[Problem description]: Set down without change every line from the line that contains "Lot Details: Mounted" through the end of the listing, and only those lines. No pictures.

[The data]:
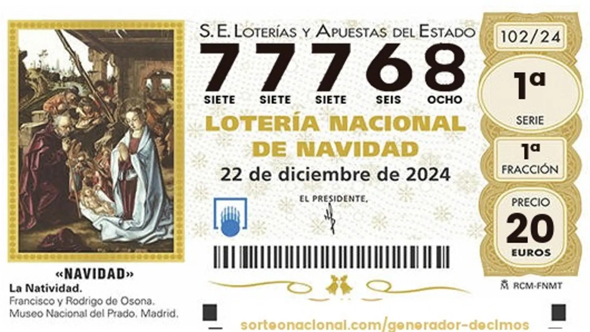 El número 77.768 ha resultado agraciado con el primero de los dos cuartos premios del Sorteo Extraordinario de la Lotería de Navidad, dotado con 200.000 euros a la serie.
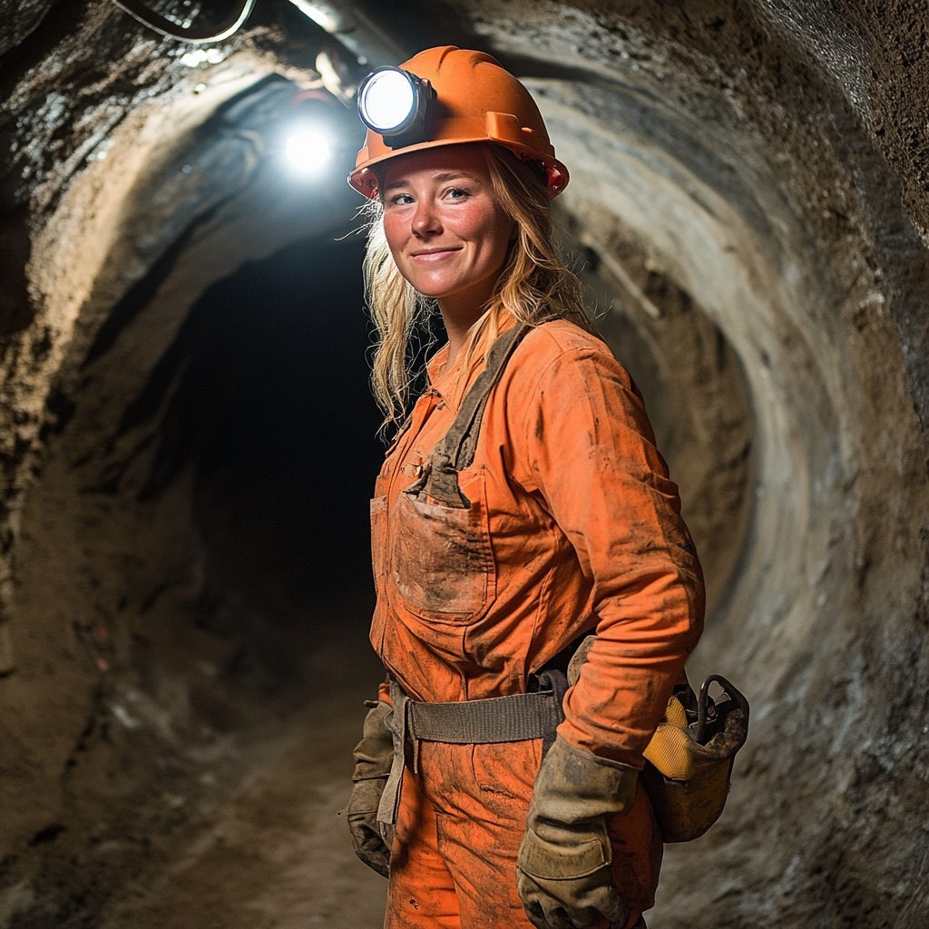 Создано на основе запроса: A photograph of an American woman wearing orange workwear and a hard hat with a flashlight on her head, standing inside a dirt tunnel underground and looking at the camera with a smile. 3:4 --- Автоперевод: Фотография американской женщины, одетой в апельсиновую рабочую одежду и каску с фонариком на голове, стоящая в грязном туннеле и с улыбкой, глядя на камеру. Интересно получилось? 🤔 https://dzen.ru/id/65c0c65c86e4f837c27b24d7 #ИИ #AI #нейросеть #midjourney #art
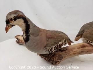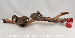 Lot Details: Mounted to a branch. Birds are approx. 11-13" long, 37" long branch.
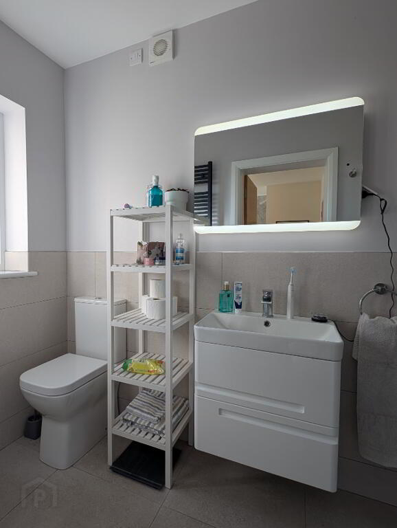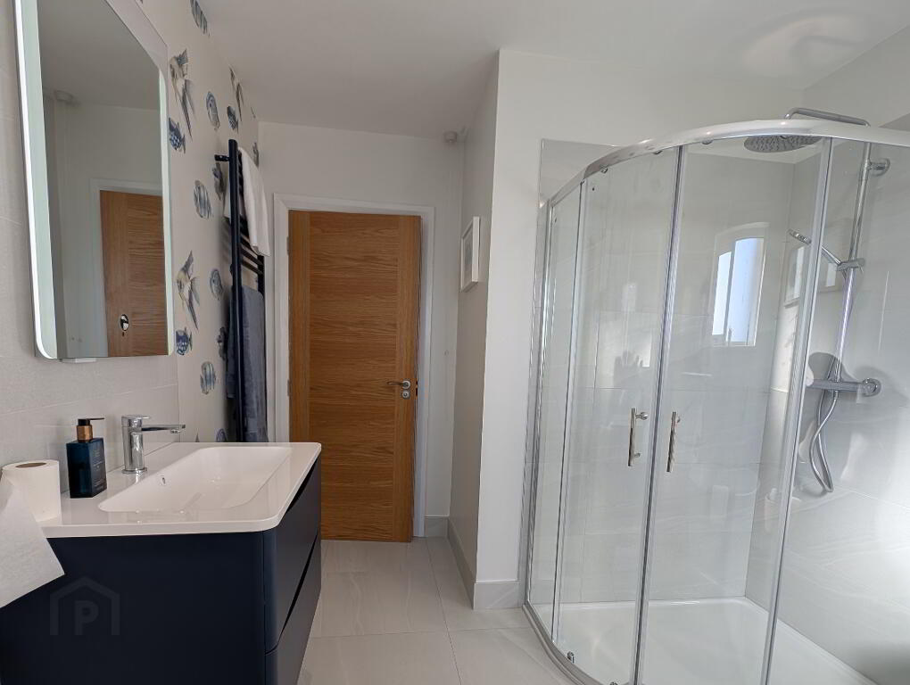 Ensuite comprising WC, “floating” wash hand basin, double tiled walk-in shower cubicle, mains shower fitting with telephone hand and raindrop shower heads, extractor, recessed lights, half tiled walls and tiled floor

[Answer to this exercise]:
 Lot Details: Mounted to a branch. Birds are approx. 11-13" long, 37" long branch.
 Ensuite comprising WC, “floating” wash hand basin, double tiled walk-in shower cubicle, mains shower fitting with telephone hand and raindrop shower heads, extractor, recessed lights, half tiled walls and tiled floor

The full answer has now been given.